An admirer of the poetry of Walt Whitman (below) long before American composers began to pay attention to it, Vaughan Williams took three of Whitman’s poems of American Civil War vintage, adding a few other (mostly Scriptural) passages, which he juxtaposed against the Latin text from the Roman Catholic Mass Ordinary, the “Agnus Dei” — especially its repeated words “Dona nobis pacem” or “Give us peace.”
Such a juxtaposition of compassionate poetry against Latin liturgy was made famous by Benjamin Britten, of course, in his acclaimed “War Requiem.” But, in his more compact venture, Vaughan Williams set a bar of expressiveness so high that not even Britten, with all his cleverness and monumentality, could really match.
Indeed, I would place Vaughan Williams’s cantata as one of the supreme examples of anti-war art–matched not by Britten (if by Wilfred Owen’s poetry) but certainly by the crushing Ancient Greek play by Euripides, “The Trojan Women” and perhaps also Pablo Picasso’s painting of mass horror, “Guernica.”
Each of the movements of the cantata carries potent messages of poignancy and protest, while there is even some final (if uncertain) optimism.
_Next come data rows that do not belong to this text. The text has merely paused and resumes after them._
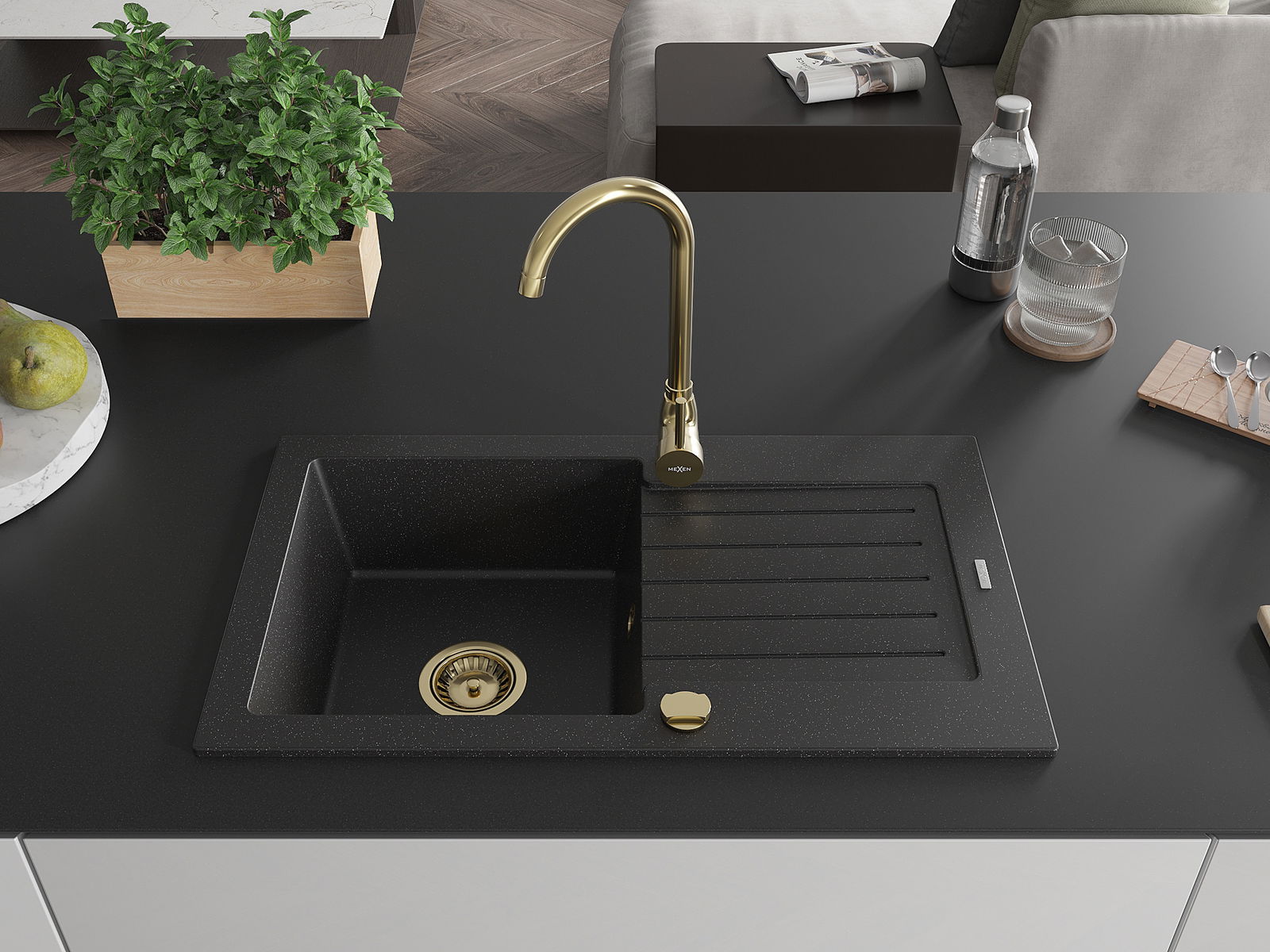 The sink is made of high quality granite. It is an elegant and, above all, practical complement to every kitchen, regardless of its style. High quality and granite durability ensure many years of use.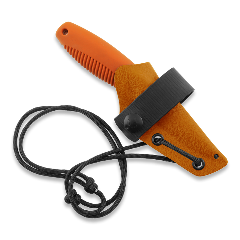 With the Kydex sheath, the knife can be easily carried as a neck knife or horizontally on the belt.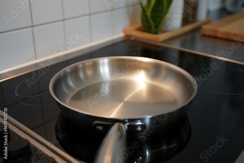 Modern kitchen with frying pan on black induction stovetop. Prepare delicious healthy meals at home using essential cookware and utensils. Stylish interior with wooden countertop and white tile backsp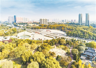 11 月 7 日,航拍下的主城区城南生态苑天朗气清,景色秀美,呈现出一幅城景和谐相融的美丽画卷。作为我市首个融入“海绵城市理念”改造的公园,改造后的城南生态苑以功能更完善、设施更齐全、环境更优美的面貌吸引广大市民前来休闲健身。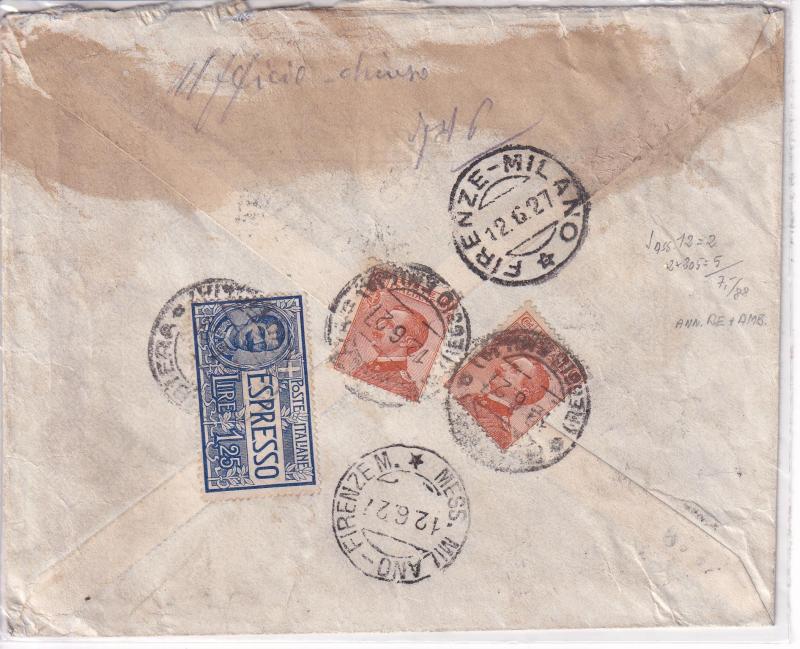 Storia postale. Espresso da Perugia 21/06/1925 a Reggio Emilia 21/06/1925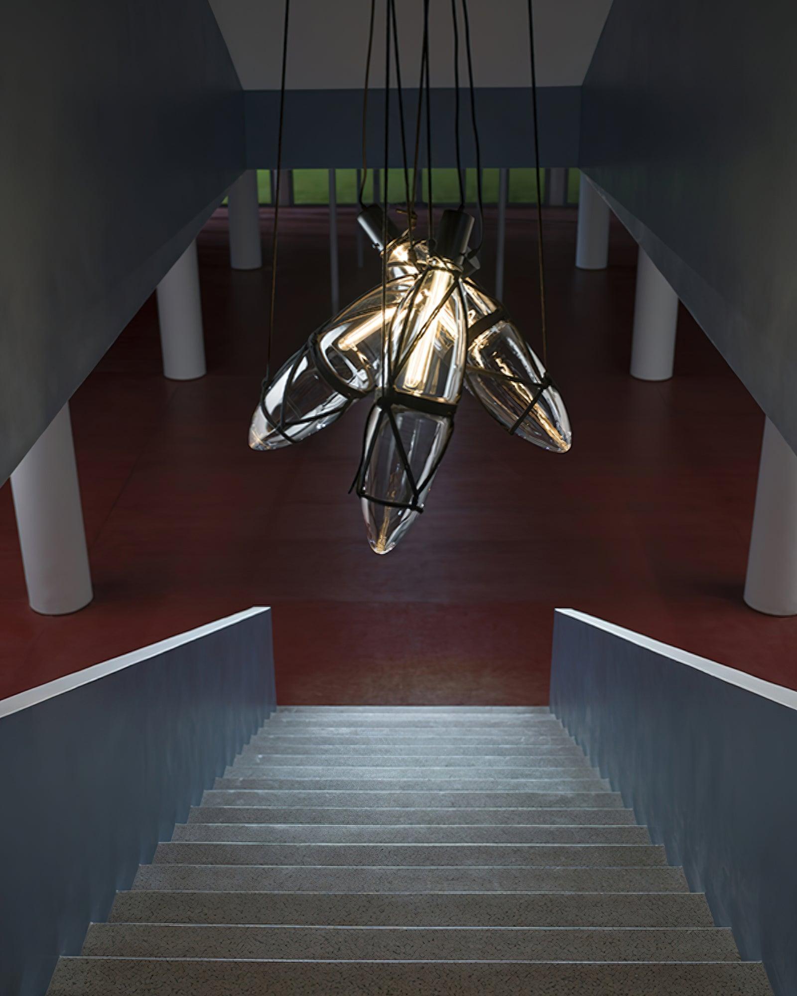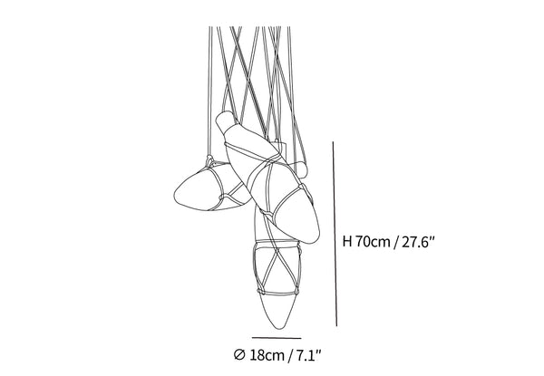 The Castaway Bottle Glass Pendant captures the spirit of a message in a bottle, set adrift on the sea and carrying tales of distant lands. This unique lighting piece features mouth-blown glass shades, each fashioned to resemble a bottle that has weathered the tides of time, complete with the delicate imperfections and bubbles of artisanal glasswork. The shades hang from an entwined array of nylon threads, reminiscent of the ropes and nets that might cradle such a find on the ocean's surface.

The score’s centerpiece is the long setting of Whitman’s “Dirge for Two Veterans,” a movement of absolutely shattering anguish amid discredited military posturing. There are few other things like it in the choral literature.
There are two soloists required for this work. Visiting faculty soprano Elizabeth Hagedorn (below right with Beverly Taylor in the center) was beautifully chilling in the reiterations of the “Dona nobis pacem” motto, while baritone Jordan Wilson (below right) captured the poignancy of Whitman’s “Reconciliation” (at bottom in a YouTube video) a more concise and heart-grabbing predecessor to the culminating Wilfred Owen poem that Britten used in his grander work.
But, again, with stout backing from the orchestra, the chorus was a tower of choral strength, equally forceful in parodistic militarism, in piercing anguish, or in hopeful joy.
Say what you will about the acoustics of Mills Hall in the UW’s Humanities Building, but it is the proper home for a powerful chorus confronting an enthusiastic audience with clarity and presence.
Praise, by the way, for the program booklet, which included all the vocal texts, as well as some excellent program notes. It proved an ideal topping for a rich, but nourishing cake of a concert!